Пока Оля что-то готовила на кухне (я показал, как зажигать газ и решил не вмешиваться), я бегом выполнял задание для моей работы – рисовал посла гишпанской державы со всеми атрибутами, которые пользователь должен был помочь ему найти в комнате на постоялом дворе.
После завтрака (авантюристка приготовила сырники, умница такая!) я рассказал Ольге, как потерял работу, как отдал последние деньги за зеркало. Как увидел ее впервые. Как снимал на видео и как ничего из этого не вышло. Видеозапись смотрели несколько раз. Пристойные ее части, конечно.
В конце концов Оля заявила, что необходимо изобразить последовательность событий в виде прямой времени на бумаге и занялась этим, морща лобик и покусывая карандаш. Я порылся в бабулиных «сундуках» и принес ей ворох одежды, из которой бабуля «выросла».
Посмущавшись для приличия, Оля пошла выбирать наряды. Вернулась в длинной цветастой юбке и кофточке, собранной наверху на резинку. Получилось мило, а-ля французская крестьянка.
– Бабушка точно не будет ругаться? – уточнила она в пятый раз.
– Да не будет, точно тебе говорю. Она давно собиралась в церковь для бедных эти вещи отнести. Но там уже не берут.
– Почему?
– Много нанесли. Ну что там у тебя с прямой времени?
– У меня получается следующее. Вот, видишь – нуль?
– Вижу.
– Видишь, я написала «10 летъ»?
– М-м-м… угу! – я лопал салат из фруктов, приготовленный Ольгой. С мороженым. Очень вкусно! – Ты на вафли-то не налегай.
– Почему? – Ольга накладывала на круглую вафельку мороженое и сверху – фруктовый салат.
– Растолстеешь.
– Ну и что же?
– Будешь это… ну, перестанешь парням нравиться.
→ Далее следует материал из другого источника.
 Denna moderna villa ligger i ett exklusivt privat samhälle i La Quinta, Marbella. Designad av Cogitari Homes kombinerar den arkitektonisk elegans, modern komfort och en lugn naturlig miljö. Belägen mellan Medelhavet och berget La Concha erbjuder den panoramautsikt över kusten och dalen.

– Подумаешь… Очень надо! – но последнюю вафлю протянула мне. – Так вот, это мне 10 лет. Я повспоминала и получается, что свое зеркало, овальное, я помню с этого возраста. И раму точно дед делал, он при мне в мастерской над ней работал. Когда оно появилось в кабинете, не скажу. Я его просто увидела в уголке в один из своих приездов, и все.
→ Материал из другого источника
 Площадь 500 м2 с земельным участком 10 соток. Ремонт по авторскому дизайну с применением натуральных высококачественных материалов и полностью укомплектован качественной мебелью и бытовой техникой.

– Понятно. Но мое-то зеркало точно старинное! Дерево, посмотри, старое, замызганное!
– Может быть, неподлинное старение?
– Какое старение? – удивился я и тут же перевел для себя: – А, искусственное старение? Ну… я не особый специалист, но по мне, так лет пятьдесят эта рама где-то пролежала. Конечно, может быть, стекло заменили на старинное…
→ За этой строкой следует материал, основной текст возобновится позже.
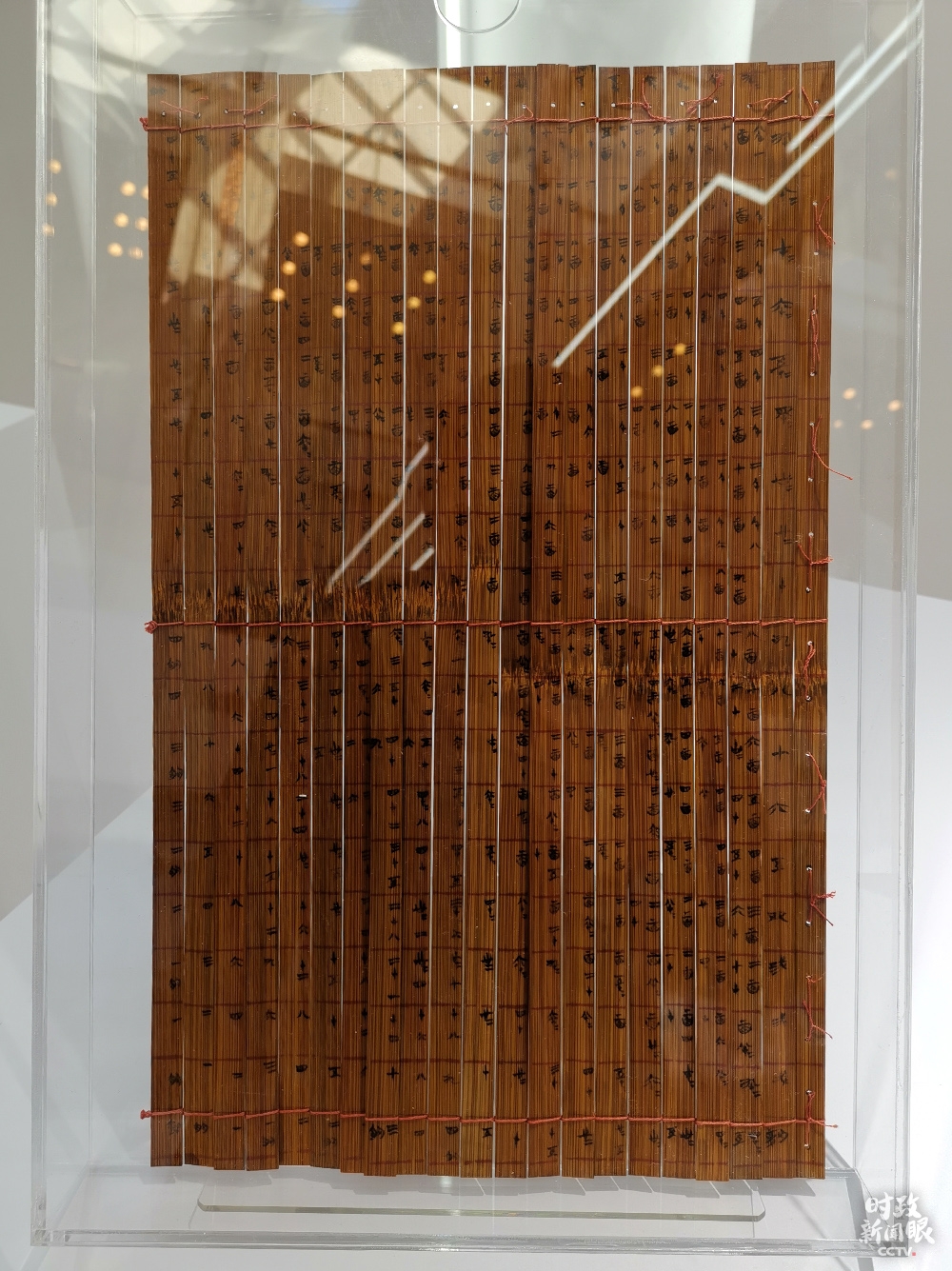 △清华大学藏战国竹简《算表》,在2017年经吉尼斯世界纪录独立核实认证,是目前发现的人类最早的十进制计算工具。(总台央视记者魏建拍摄)

«Хотя какое это стекло, ты забыл? Это – плазменная панель новейшего образца!» – напомнил я себе.
Вот, а эта точка – мне 13 лет. Самый черный год в моей жизни.
Ольга помолчала, продолжила, вздохнув:
– Ты уж прости, но я не вру. И дата важная. С нее все и началось. За полгода до этого я приехала на праздники и как раз слышала, как ругались отец с дедом из-за его опытов на себе. А потом… в общем, зимой, на Рождество, мы собрались в мамино имение на Кавказе. Родители поехали, а я заболела и осталась. Было очень снежно в том году, и, когда они уже въехали в горы, сошла лавина. Прямо на дорогу. Прямо на них… – она замолчала, стараясь справиться с волнением. – И папа, и мама, и сопровождавшие… Так бывает в горах, Александр… зимой редко, но все же случается. Если очень много снега…
– А у нас лавины спускают, нарочно… чтобы не неожиданно… Сочувствую твоему горю…
– А бабушка от сердца умерла… сердце не выдержало. Месяц, и остались мы с дедом и дядей вот моим…
– О, Господи… Оля, ну ты же жива!
– Потому что заболела… – прошептала Ольга. – Мороженого на Рождество объелась…
Я смотрел на нее… губу закусила, глаза на мокром месте… эх, так хочу тебе поверить!
«Ну и поверь! Жалко тебе, что ли?» – сказал внутренний голос.
– Ладно, Оля, это все в прошлом… надо думать, как сейчас выпутываться… – сказал я и ткнул пальцем в следующую дату – «14 л; тъ». – А что было в этом году?
– А через год дед в очередной раз вошел в кабинет, и больше мы его не видели. Я осталась одна-одинешенька на всем белом свете…
– А дядя? А бравый Феодор? И няня у тебя, ты говорила, есть?
– Да, нянюшка… – Оля отвлеклась от грустных воспоминаний. – Как же она тревожится, бедная, за меня!
– Ну вот видишь, а говоришь, что ты одна. Давай решать, как тебя вернуть дяде и нянюшке!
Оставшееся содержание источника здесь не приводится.